Now, you may argue that if I stated "the Bible being true, there are many areas ... where a good investigation of what goes around will directly confirm what the Bible says quicker, with less human effort," this is not a scientific statement. True, it is a metascientific one. But if from that you would argue I could do no science, you would be actually demanding, as the infamous "Anglican Communion" of the Test Act, the openness to the Bible being flat wrong in central theology as a pre-requisite for doing science at all. Or at least totally shutting up about all metascientific considerations while doing science.
Forrest Valkai peppered a video about Radiometric dating on a very metascientific outro on why not to take the Biblical genealogies of Genesis 5 and 11 as anything like a good cue. Why does he get to do meta-science and Dembski doesn't?
(Apart from being metascientific, it was also mathematically inaccurate and showed heavy social bias against numerous families.)
- VI
- 9:42 Man being impossible as anything except either eternal (anyway out of the game) or a creation by God or some gods it is still a scientific or philosophical proposal.
Voltaire entirely did agree on that one (but after Genesis 1, his adherence to the Bible obviously falters very seriously).

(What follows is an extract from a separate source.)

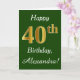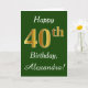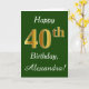 Carte Vert, Faux Gold 40e anniversaire + Nom personnalis

No, not religious in nature, but theistic in nature.
- VII
- 10:40 Bruce Chapman's cited words "To replace materialistic explanations with the theistic undertanding that nature and human beings are created by God," would perfectly be acceptable to Voltaire (an anti-Christian) and to Plato (a pre-Christian) as to Plotinus (disciple of Plato and opponent of Christians).

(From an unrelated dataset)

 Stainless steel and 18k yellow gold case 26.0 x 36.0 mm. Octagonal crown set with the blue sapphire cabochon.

No, there is not a question of any given confession or religion, as relevant to the establishment clause, which was anyway heavily mis-construed in its scope by lots of 20th C. Supreme Court Rulings, it is a question of natural philosophy having theism rather than materialism as ultimate explanation.
Since theism is the correct ultimate explanation, specifically precisely for science, and since materialism makes very heavy blunders (see for instance Evolutionist efforts to try to explain human language, though I haven't read Jean Aitchison's one yet) labelling this stance as "religious" equals the pretence that materialism is somehow not a religion.
- VIII
- 10:51 Observations may be a scientists ultimate proofs, they aren't his ultimate explanations.

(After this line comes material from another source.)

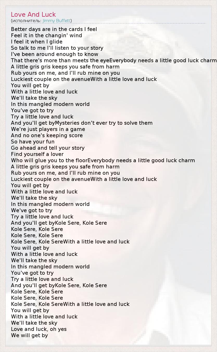 А как ты думаешь, о чем песня "Love And Luck" ?

ID means that added up observations support theistic and un-supports a purely materialistic explanation of what we observe.
- Debate followed
- Ugly German Truths
- No it does not. It may CLAIM that, but it cannot support it with reality.
- Hans-Georg Lundahl
- @Ugly German Truths So, I claim the observation of human language shows evolution impossible.
Or, not impossible overall, but impossible as the total and adequate origin of man.
You claim I cannot support it with reality, your turn!
- VIIII
- 11:26 And you still have not answered the proposal that:
- while Edward v. Aguilar is in itself unreasonable and a gross abuse of the establisment clause (SC was - by case law - legislating about establishment, as in against it, and "congress shall not" doesn't mean "SC shall"), it still has a "reasonable" scope;
- and the part of Creationism that was relabelled ID does not fall under this relatively speaking reasonable scope of Edwards v. Aguilar.
- X
- 11:36 That's like saying anyone who for instance self identifies as "racist" or "antisemite" automatically falls under the scope of laws against incitation of hatred against people of certain skin colours or ways of mis-reading the Torah.
Even if there is a verbal agreement between what the supposed culprit says and what the law says, the law - or in this case the case law - may mean one fairly specific thing with the term condemned (overall or for in public schools) and imposing the ban outside that specific thing, well, that is "faire le procès de l'intention" as the saying goes here in France.
It's inviting to collective hysteria, and it's demanding not just respect of the human law but even zeal for it. It's barbaric.